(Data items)

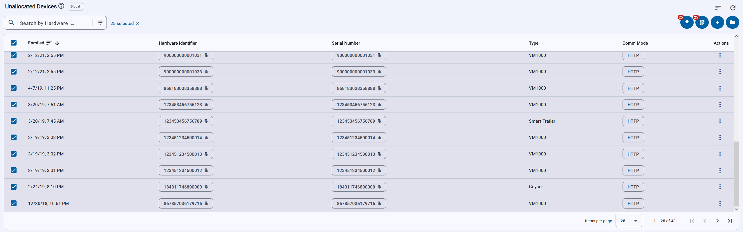 The grid displays a paginated list of unallocated devices along with their key attributes.
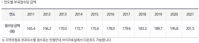 지역가입자의 보험료는 소득, 주택/건물/토지 등의 재산, 자동차 등에 등급을 매기고 점수를 부여해서 산출합니다. 점수당 금액도 꾸준히 올라서 현재 점수당 201.5원을 내고 있습니다.
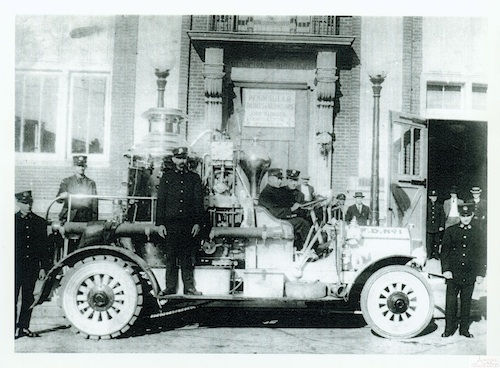Description: Firefighters pose with their new equipment in 1915. The steam-driven pumper stands at the old municipal building on Grayling and Jos. Campau. Note the solid rubber tires and chain drive powering the wheels.
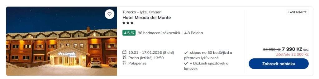 Oujé! To už zavání skoro krádeží za bílého dne! Odleť v sobotu prášit na turecké svahy! Zimní zájezdy z Prahy do Turecka ulovíš v last minute nabídce cestovní kanceláře Čedok za neskutečně lákavé ceny od 7 990 Kč! Ve středním Turecku, konkrétně v letovisku Erciyes, tě čeká sedm nocí ve vybraném hotelovém zařízení, dokonce s polopenzí v ceně. V nabídce zbývají poslední volná místa, tak se nerozmýšlej dlouho.
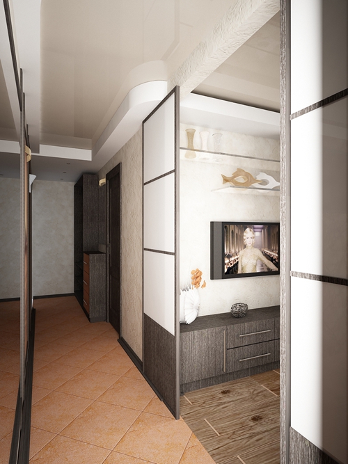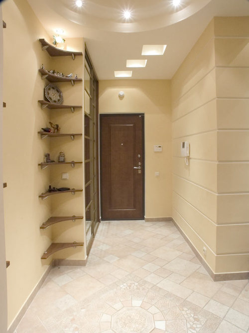 It is desirable to strengthen the ceilings with a frame, arch or partial partitions. Free space should be reasonably zoned. But do not forget that the main functionality of the hallway is meeting guests, as well as storing seasonal clothes and shoes.

» EXERCISE DIRECTIONS: Retype the entries word for word. Omit any images.

» EXERCISE RESPONSE:
 The grid displays a paginated list of unallocated devices along with their key attributes.
 지역가입자의 보험료는 소득, 주택/건물/토지 등의 재산, 자동차 등에 등급을 매기고 점수를 부여해서 산출합니다. 점수당 금액도 꾸준히 올라서 현재 점수당 201.5원을 내고 있습니다.
Description: Firefighters pose with their new equipment in 1915. The steam-driven pumper stands at the old municipal building on Grayling and Jos. Campau. Note the solid rubber tires and chain drive powering the wheels.
 Oujé! To už zavání skoro krádeží za bílého dne! Odleť v sobotu prášit na turecké svahy! Zimní zájezdy z Prahy do Turecka ulovíš v last minute nabídce cestovní kanceláře Čedok za neskutečně lákavé ceny od 7 990 Kč! Ve středním Turecku, konkrétně v letovisku Erciyes, tě čeká sedm nocí ve vybraném hotelovém zařízení, dokonce s polopenzí v ceně. V nabídce zbývají poslední volná místa, tak se nerozmýšlej dlouho.
 It is desirable to strengthen the ceilings with a frame, arch or partial partitions. Free space should be reasonably zoned. But do not forget that the main functionality of the hallway is meeting guests, as well as storing seasonal clothes and shoes.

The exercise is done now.